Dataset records
────────
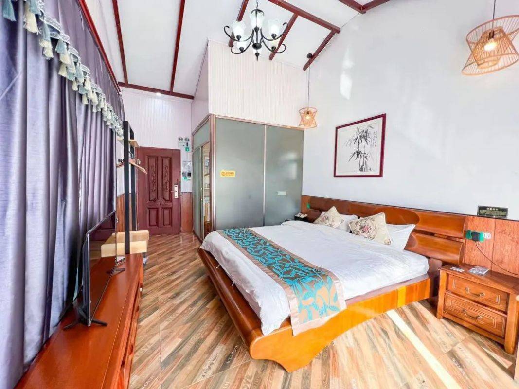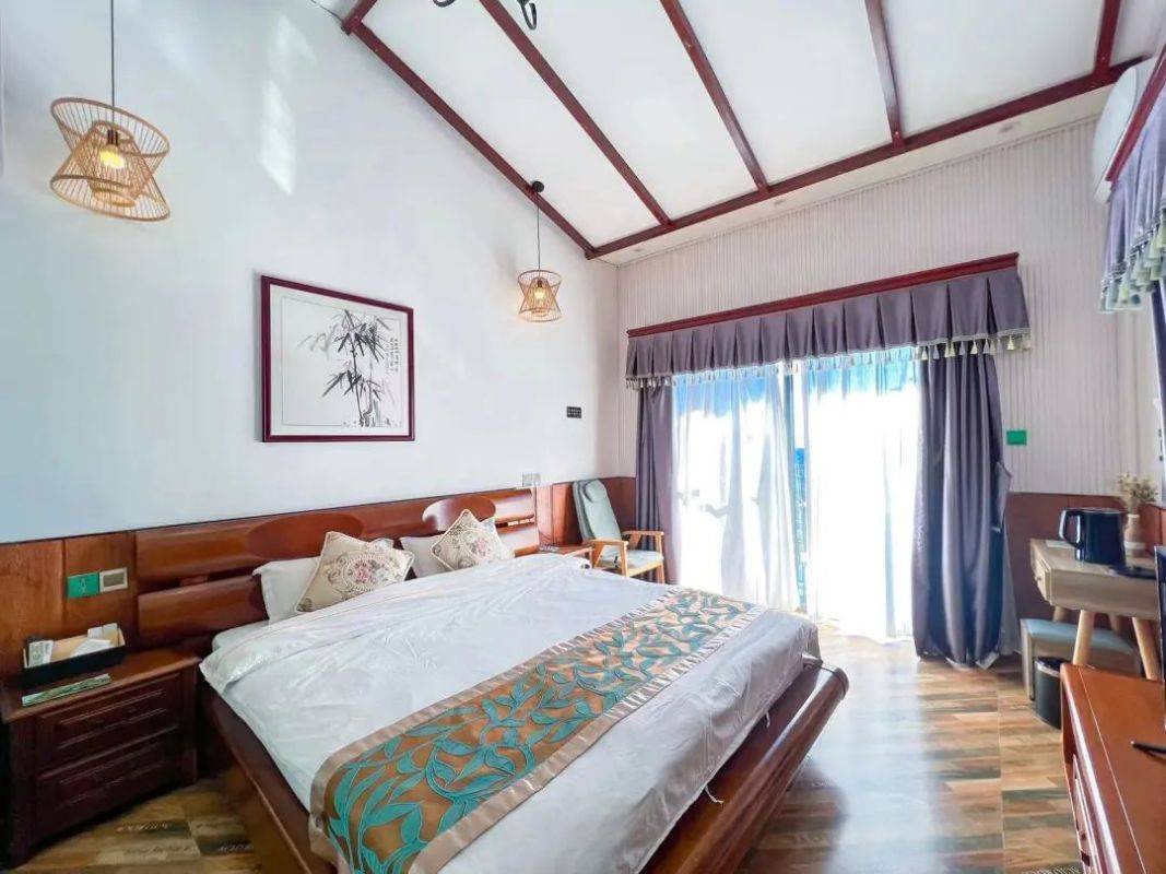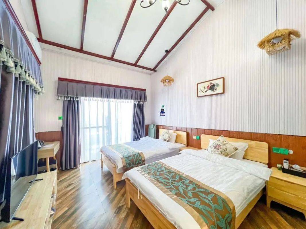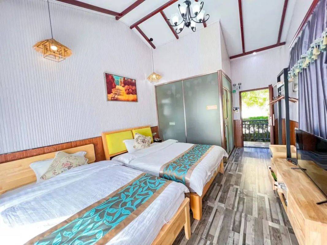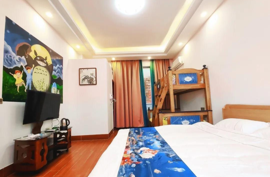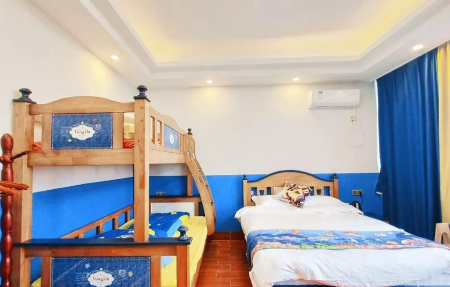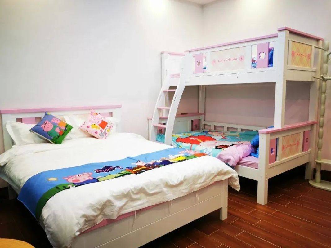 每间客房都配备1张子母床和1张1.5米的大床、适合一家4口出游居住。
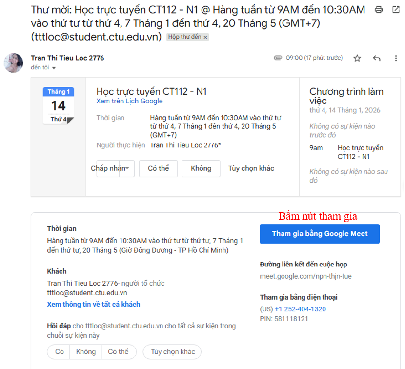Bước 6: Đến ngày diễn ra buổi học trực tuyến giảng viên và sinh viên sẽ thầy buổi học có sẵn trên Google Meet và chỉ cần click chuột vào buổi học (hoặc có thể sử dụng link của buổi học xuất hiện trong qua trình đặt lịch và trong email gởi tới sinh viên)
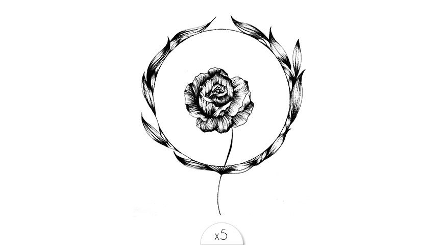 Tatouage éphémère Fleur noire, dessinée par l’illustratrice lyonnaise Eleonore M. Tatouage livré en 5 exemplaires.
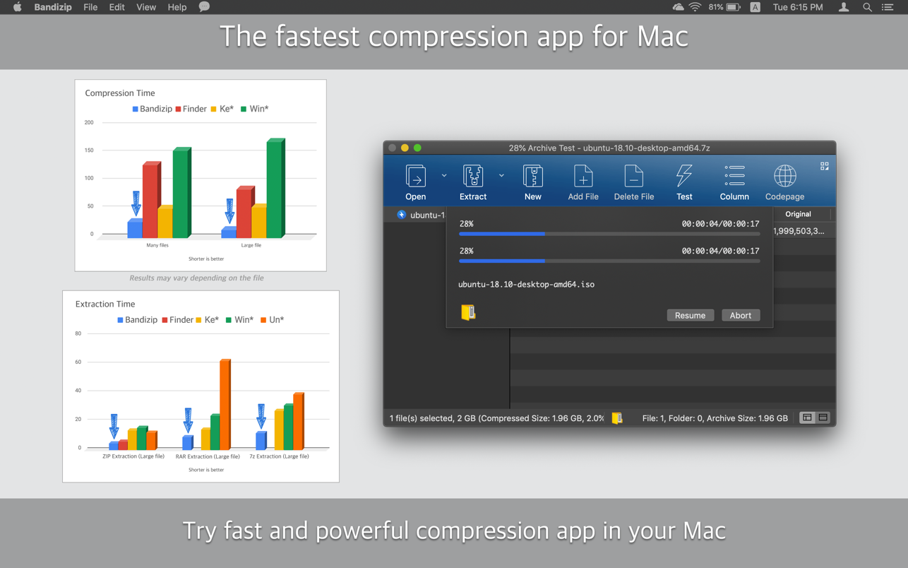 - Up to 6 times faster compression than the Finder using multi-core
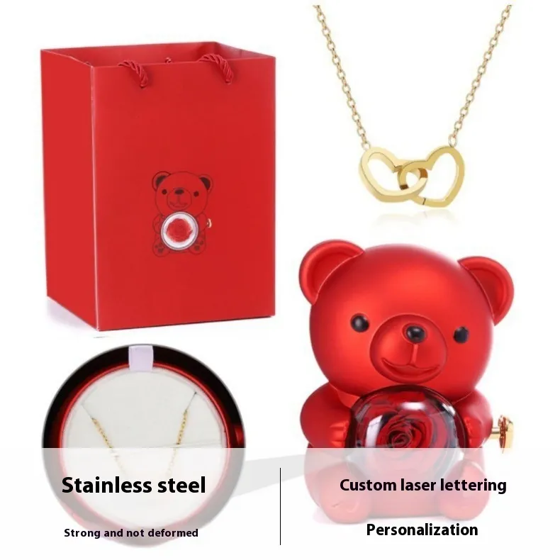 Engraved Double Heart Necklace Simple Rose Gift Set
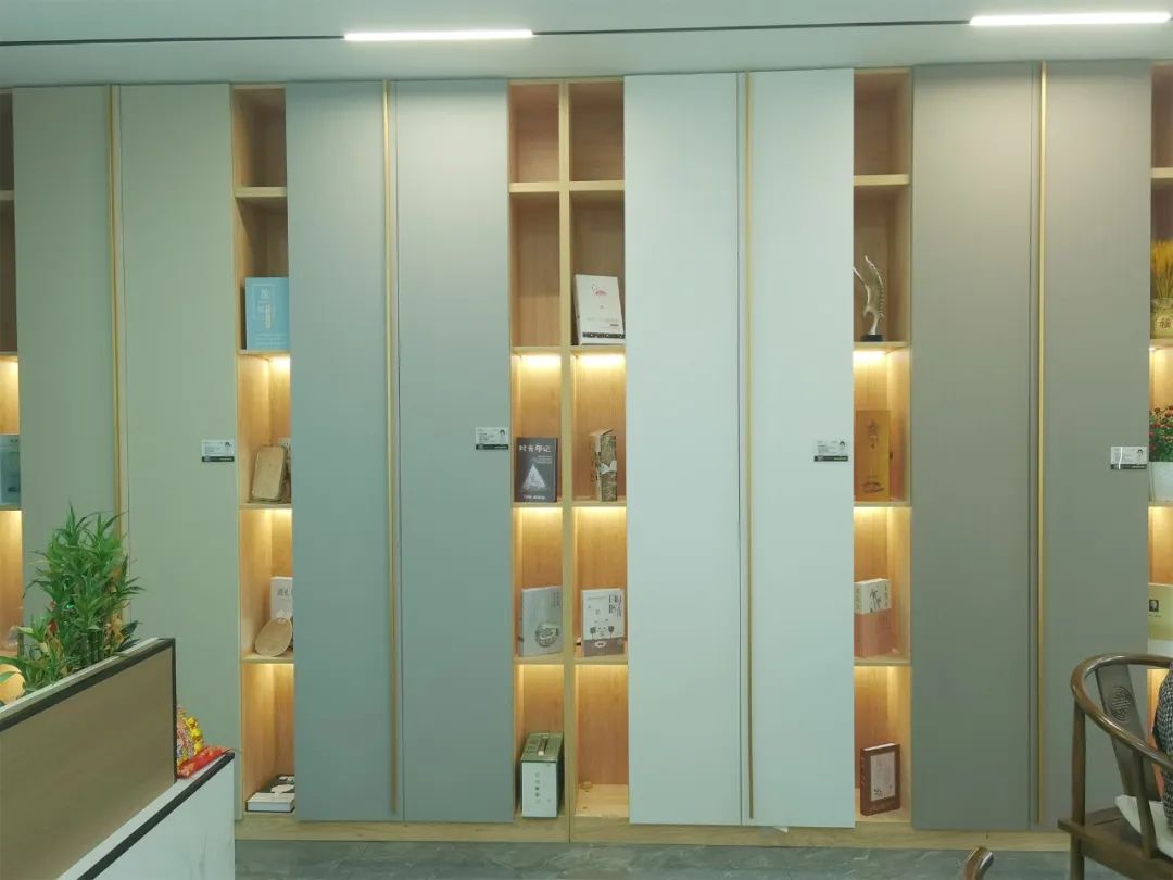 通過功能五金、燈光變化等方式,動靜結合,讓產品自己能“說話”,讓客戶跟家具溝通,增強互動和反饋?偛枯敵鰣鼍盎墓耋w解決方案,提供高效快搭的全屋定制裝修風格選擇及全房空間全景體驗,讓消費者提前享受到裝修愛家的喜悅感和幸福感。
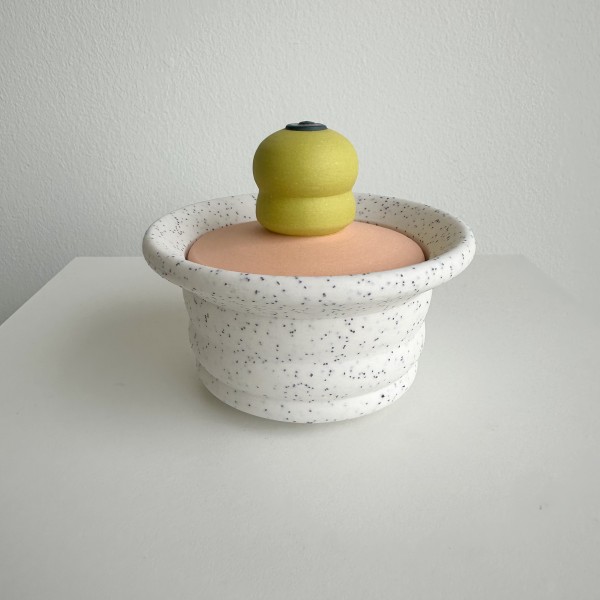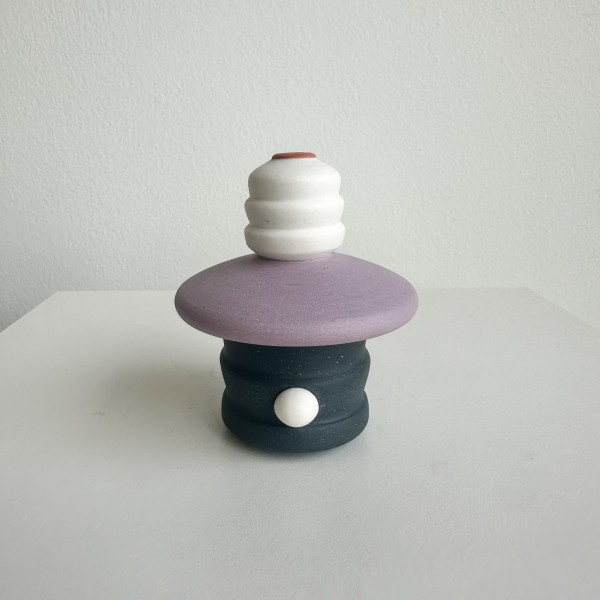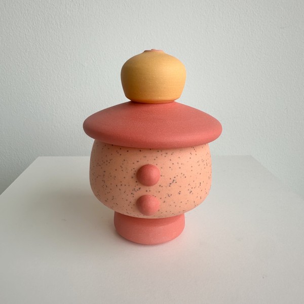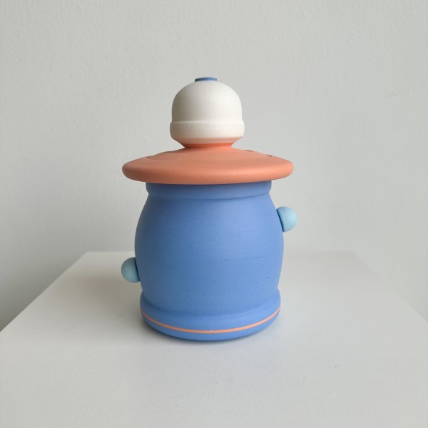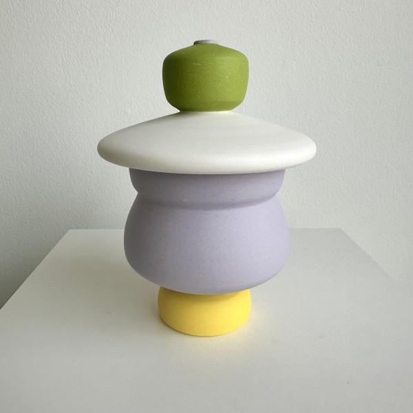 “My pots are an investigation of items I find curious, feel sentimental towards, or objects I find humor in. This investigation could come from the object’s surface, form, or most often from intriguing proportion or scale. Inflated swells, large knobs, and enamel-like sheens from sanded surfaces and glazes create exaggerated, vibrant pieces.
────────
◆ WHAT THE TASK ASKS: Copy out all the data above exactly as written. Skip the pictures.

◆ REPLY:
 每间客房都配备1张子母床和1张1.5米的大床、适合一家4口出游居住。
Bước 6: Đến ngày diễn ra buổi học trực tuyến giảng viên và sinh viên sẽ thầy buổi học có sẵn trên Google Meet và chỉ cần click chuột vào buổi học (hoặc có thể sử dụng link của buổi học xuất hiện trong qua trình đặt lịch và trong email gởi tới sinh viên)
 Tatouage éphémère Fleur noire, dessinée par l’illustratrice lyonnaise Eleonore M. Tatouage livré en 5 exemplaires.
 - Up to 6 times faster compression than the Finder using multi-core
 Engraved Double Heart Necklace Simple Rose Gift Set
 通過功能五金、燈光變化等方式,動靜結合,讓產品自己能“說話”,讓客戶跟家具溝通,增強互動和反饋?偛枯敵鰣鼍盎墓耋w解決方案,提供高效快搭的全屋定制裝修風格選擇及全房空間全景體驗,讓消費者提前享受到裝修愛家的喜悅感和幸福感。
 “My pots are an investigation of items I find curious, feel sentimental towards, or objects I find humor in. This investigation could come from the object’s surface, form, or most often from intriguing proportion or scale. Inflated swells, large knobs, and enamel-like sheens from sanded surfaces and glazes create exaggerated, vibrant pieces.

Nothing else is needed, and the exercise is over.